Yoko Ono certainly made the most of the couple of days she spent in Dublin last week.  She was in the city to receive a lifetime achievement award from the Dublin Biennial Exhibition, where she showcased one of her art installations called “Wish Tree for Ireland.”

John Lennon’s widow spoke movingly of her husband’s love for his ancestral home.  She also made it her business to learn more about Irish Famine emigrants, and visited the grave of the famous Irish political leader Daniel O’Connell for whom O’Connell Street in Dublin is named.

"John, who sometimes considered himself 100% Irish, would have loved to see me honored in this way by the city he loved," she said.  Ono, 79, also said that “there is a special connection between Ireland and me.”

Her first trip to Ireland was back in the sixties, before she became Lennon’s wife. “Ireland was sort of like an auntie or mother that he wanted to show me,” she recalled.

On Friday morning she visited the crypt of O’Connell at Glasnevin Cemetery on her way to the airport and received a private tour.  She was full of questions about O’Connell, according to reports, and left a large bouquet of flowers as a remembrance. She even used Instagram to tweet a photo of herself at the cemetery to her more than two million Twitter followers.

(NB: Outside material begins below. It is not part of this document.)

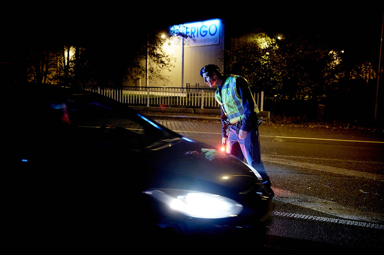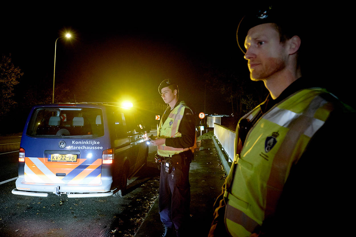 De maan probeert tevergeefs door het dikke wolkendek heen te breken en miezer verandert in dikke regendruppels. In het niets verhullende, witte led-licht van de mobiele lichtunits op de parkeerplaats langs de A12 bij de Nederlands-Duitse grens, staan tientallen bestuurders ongeduldig naast hun auto's. De Koninklijke Marechaussee is druk bezig met een omvangrijke, internationale controle met de naam Korridor Fahndung.

“I am praying for the soul of Daniel O'Connell. May he rest in peace. May his life history be told to us all and add to our energy of activism,” she noted.

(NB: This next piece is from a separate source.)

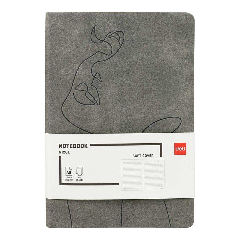 Bllok shenimesh Deli, A5, lëkurë në ngjyrë gri, me 96 fletë. Elegant dhe i qëndrueshëm, ideal për shënime dhe organizimin e tyre.

“She said that she would love to have some more time and would return for a longer visit the next time she was in town,” Glasnevin Cemetery historian Shane MacThomais said. “Her interest in Irish history was inspiring and her humanity was evident in her responses.”

Ono’s quest to learn more about Irish struggles also took her out to sea, where she posted an Instagram photo of herself in Dun Laoghaire, at the ferries on their way to England.

“I wanted to know how they felt when they took the ferry from here to Liverpool, during the Famine, leaving their country to go to where they would have food to eat,” Ono posted on her Instagram.

“Some Irish people died before getting on the ferry, some died on the ferry. Those who made it to Liverpool were not welcomed with open arms . . . if you are Irish or half-Irish, you should visit here one day, and have kind thoughts for the one who couldn't make it.”

There’s no denying that Ono is an extremely interesting woman, even though some Beatles fans may never forgive her for allegedly causing the breakup of the band.